We might therefore have detected the internal condition of the plant, if, by some inducement, we could have made it write down its own responses. If we could once succeed in this apparently impossible task we should still have to learn the new language and the new script. In a world of so many different scripts, it is certainly undesirable to introduce a new one! I fear the Uniform Script Association will cherish a grievance against us for this. It is fortunate however that the plant-script bears, after all, a certain resemblance to the Devanagari—inasmuch as it is totally unintelligible to any but the very learned!

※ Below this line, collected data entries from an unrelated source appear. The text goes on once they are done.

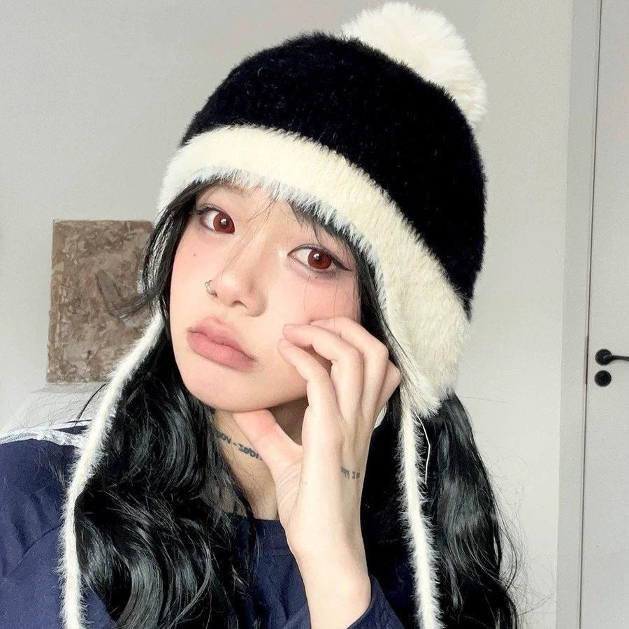 KNIT HAT IN BLACK MIX WHITE WOOL 426270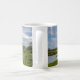 A linda caneca mostra fotografias cênicas de nuvens flutuando sobre o icônico Castelo Carew, Pembrokeshire, Wales.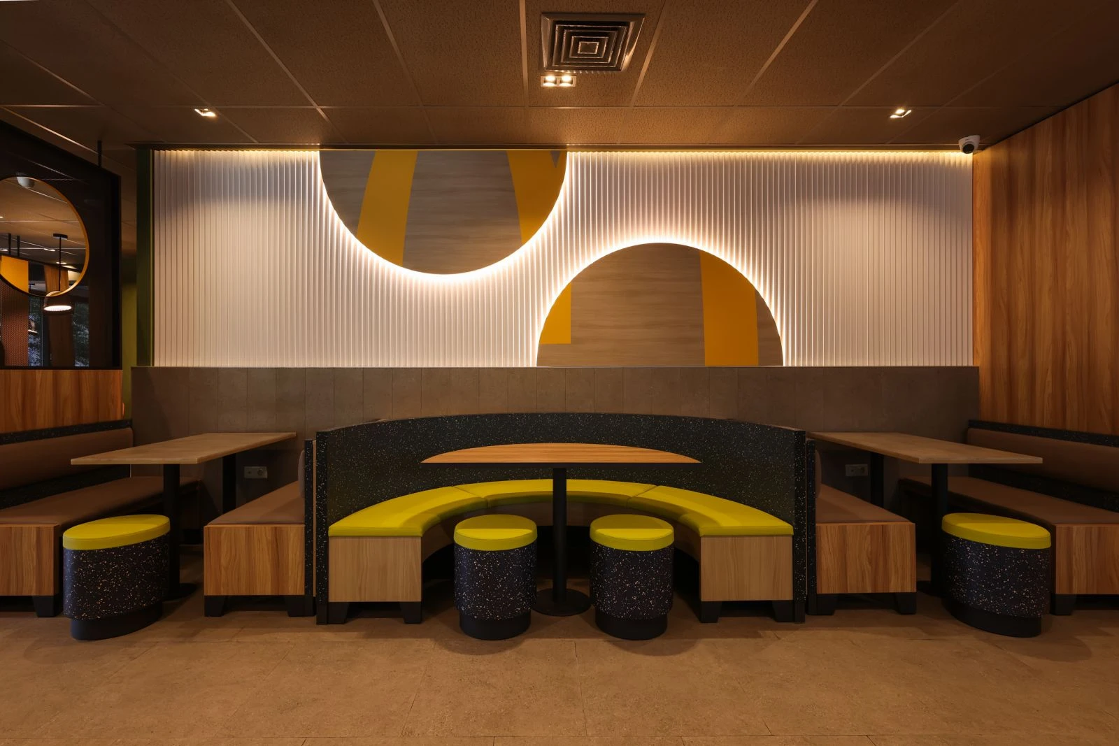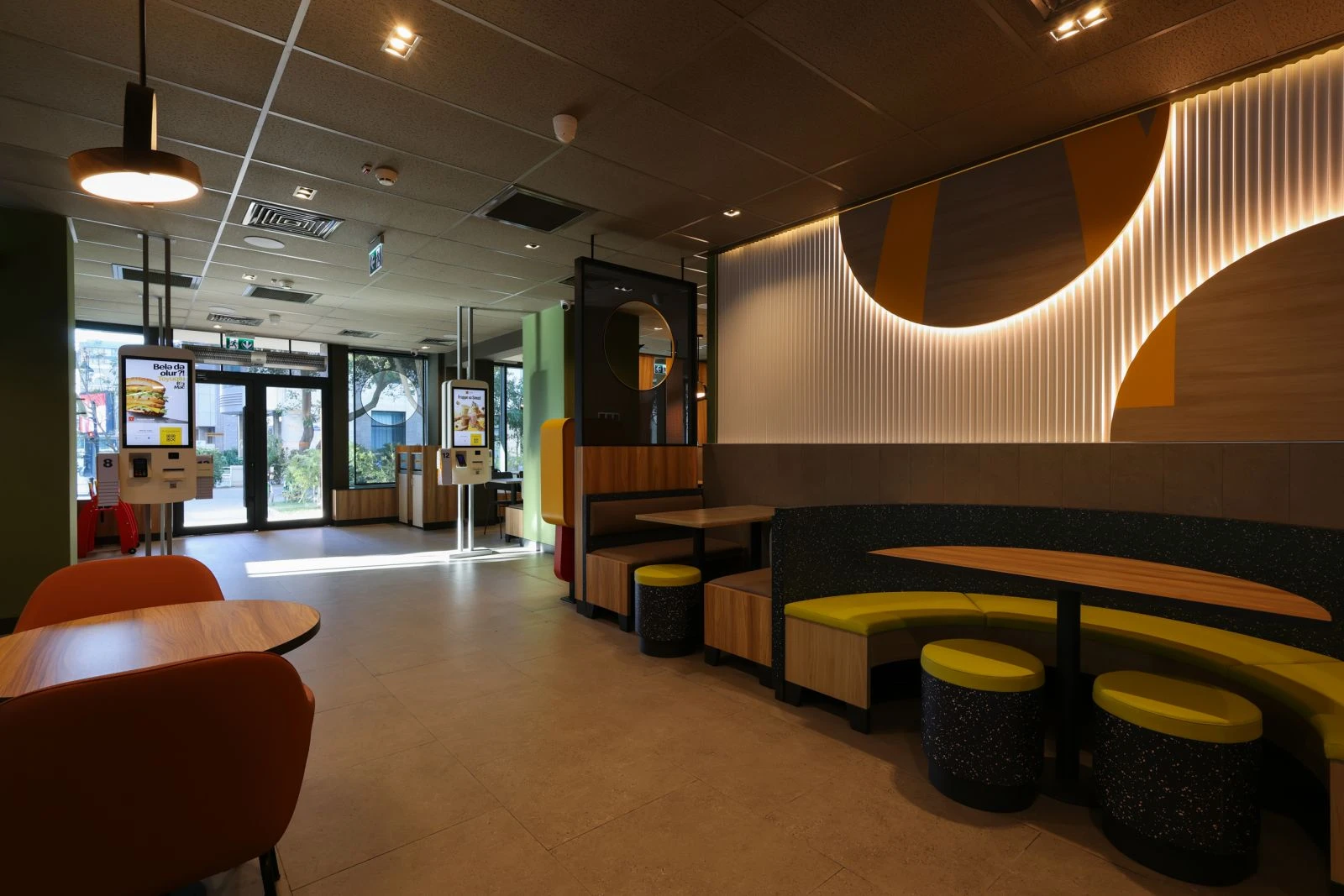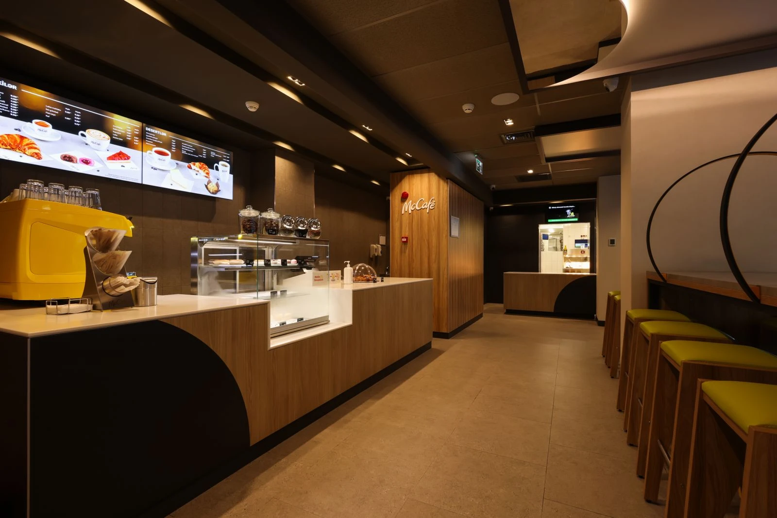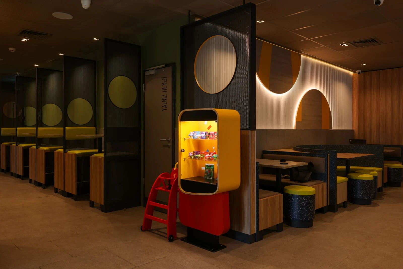 Restoran 125 qonaq üçün nəzərdə tutulub və müasir in-store formatında — “Luna” dizaynında tikilib. Bu dizayn üslublu memarlıq həlləri və funksional planlaşdırmanı birləşdirərək ziyarətçilər üçün rahat mühit yaradır.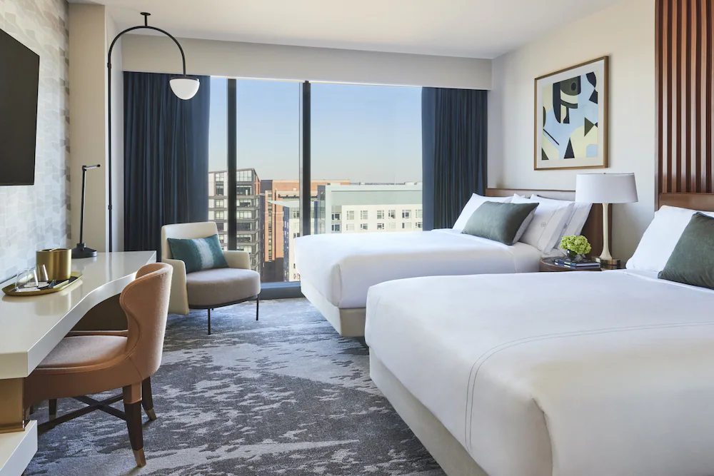 Guests have access to a wide array of amenities, including several distinct dining venues. The hotel is home to Kestra for Mediterranean-American fare, The Sporting Club for an upscale sports bar experience, and the French-style boulangerie Cocorico.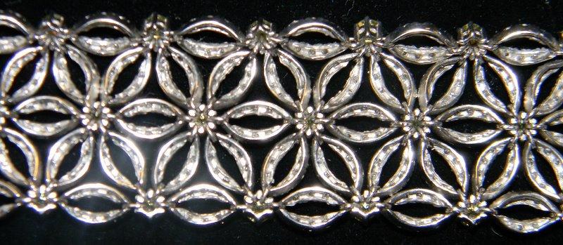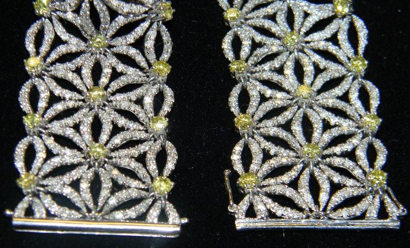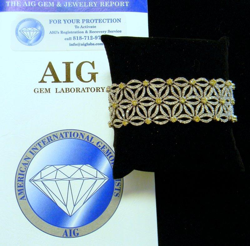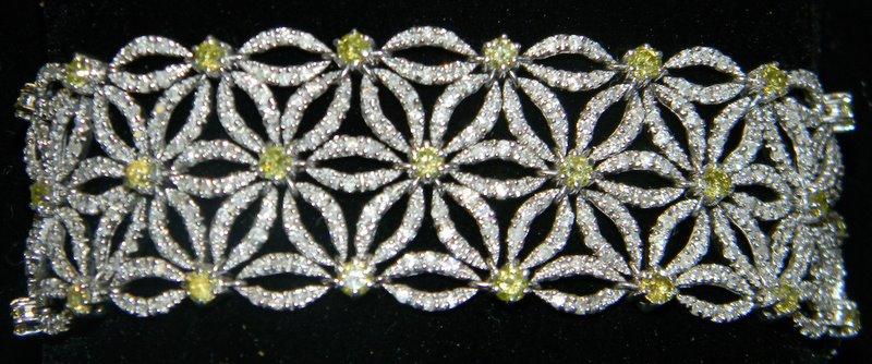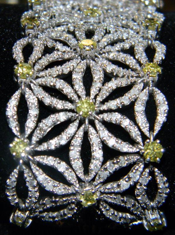 Fabulous 14kt white gold diamond bracelet with a flexible articulated mesh strap, featuring cascading open work designed diamond florets. 7" length, 25mm width. Bar clasp with safety. Marked 14k Italy. 41 prong set round cut diamonds fancy yellow approx. 4.35ct. total weight. Five hundred eighty eight prong set round cut diamonds, approx. weight 6.48ct. For a total weight of 10.83ct. Approximate weight of bracelet is 42.4 grams. AIG certified in 2005.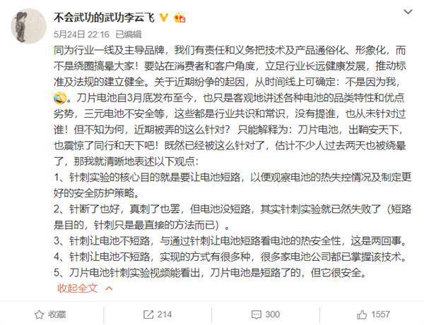 5月24日,比亚迪汽车销售公司副总经理@不会武功的武功李云飞 在微博回应称,关于近期纷争的起因,从时间线上可确定:不是因为我。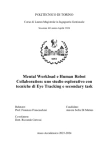 Mental workload e Human Robot Collaboration: uno studio esplorativo con tecniche di Eye Tracking e secondary task = Mental Workload and Human Robot Collaboration: an exploratory study with Eye Tracking techniques and secondary task.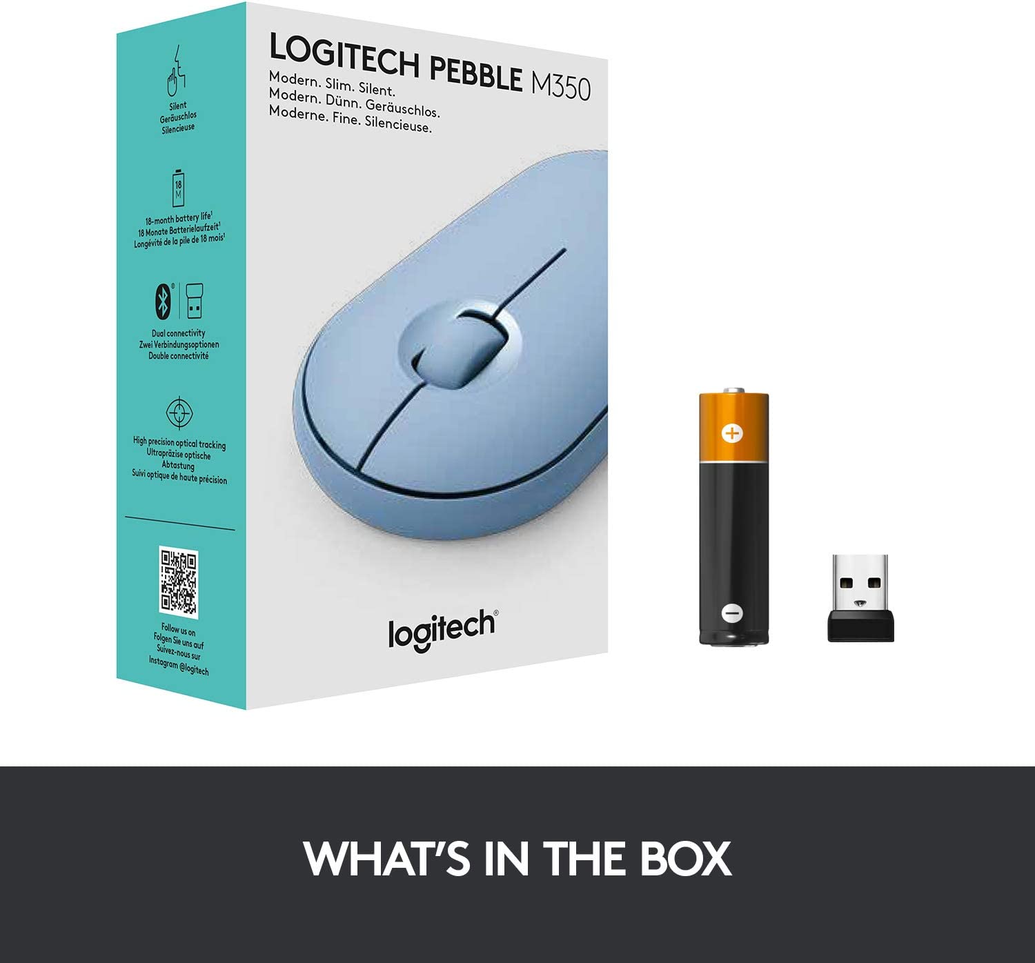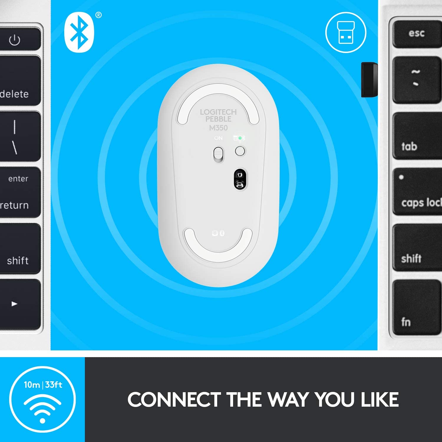 Own your space with Logitech Portable Wireless Mouse M350 – a modern, slim, and silent portable mouse designed for your curated lifestyle. Make a statement with this slim mouse that can easily be scooped up and brought to the cafe or library. Silent clicking and scrolling means you can stay focused without disturbing those around you. And the Portable Wireless Mouse M350 stays powered for 18-months on a single AA battery so you don’t have to worry about losing power. Connect the Portable Mouse M350 the way you want – via either Bluetooth or the USB receiver. The high-precision optical tracking works on most surfaces. Battery life may vary based on user and computing conditions.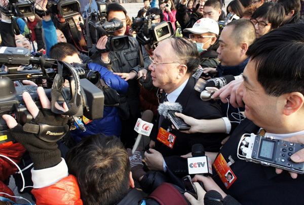 3月4日,北京,重庆市市长黄奇帆被记者围堵。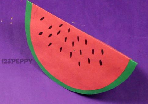 - 步骤一:取一张绿色卡纸,用剪刀剪成西瓜形状。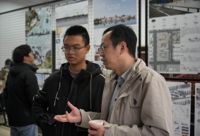 下午论坛移至F101,以“产教融合与合作建筑展”为主题。建筑学院副院长霍达以“翩然绿筑”真实项目为核心,分享如何打破课堂与项目边界,整合360°资源,让学生在方案设计、施工落地中完成知识转化,构建“教学—实践—成果”全过程育人体系,为产教融合提供可落地范本,同时建筑学院师生与参会的企业和设计院共同参观了建筑技术展,感受了超低能耗建筑技术的魅力。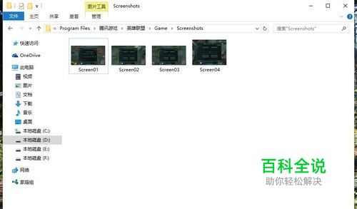 LOL英雄联盟游戏,是最近网络比较伙的网络游戏。有时候玩游戏玩尽兴的时候会自然不自然的截几张图,证明自己玩的比较好。但,退出游戏之后,去找截图,有的时候很是费劲不能尽快找到,究竟英雄联盟截图的图片在电脑那个地方放,然后如何才能最快最省事的找到呢?下面,小编就这个问题给大家讲解一下。如图,小编找到的截图记录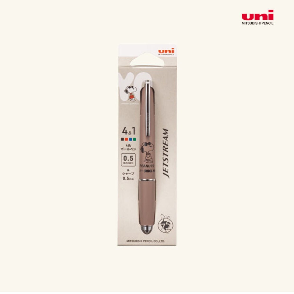 Uni-ball Jetstream Peanuts Collaboration. Jetstream Peanuts Multi Pen. Jetstream 4+1 Ballpoint Pen. Upgrade your writing experience with theJetstream Peanuts Collaboration 4+1 Multi Pen. This exclusive limited-edition pen features iconic Peanuts characters like Snoopy and Charlie Brown, combining style and functionality in one premium tool.

But there are two serious difficulties in our path; first, to make the plant itself consent to give its evidence; second, through plant and instrument combined, to induce it to give it in writing. It is comparatively easy to make a rebellious child obey: to extort answers from plants is indeed a problem! By many years of close contiguity, however, I have come to have some understanding of their ways. I take this opportunity to make public confession of various acts of cruelty which I have from time to time perpetrated on unoffending plants, in order to compel them to give me answers. For this purpose, I have devised various forms of torment,—pinches simple and revolving, pricks with needles, and burns with acids. But let this pass. I now understand that replies so forced are unnatural, and of no value. Evidence so obtained is not to be trusted. Vivisection, for instance, cannot furnish unimpugnable results, for excessive shock tends of itself to make the response of a tissue abnormal. The experimental organism must therefore be subjected only to moderate stimulation. Again, one has to choose for one's experiment a favourable moment. Amongst plants, as with ourselves, there is, very early in the morning, especially after a cold night, certain sluggishness. The answers, then, are a little indistinct. In the excessive heat of midday, again, though the first few answers are very distinct, yet fatigue soon sets in. On a stormy day, the plant remains obstinately silent. Barring all these sources of aberration, however, if we choose our time wisely, we may succeed in obtaining clear answers, which persist without interruption.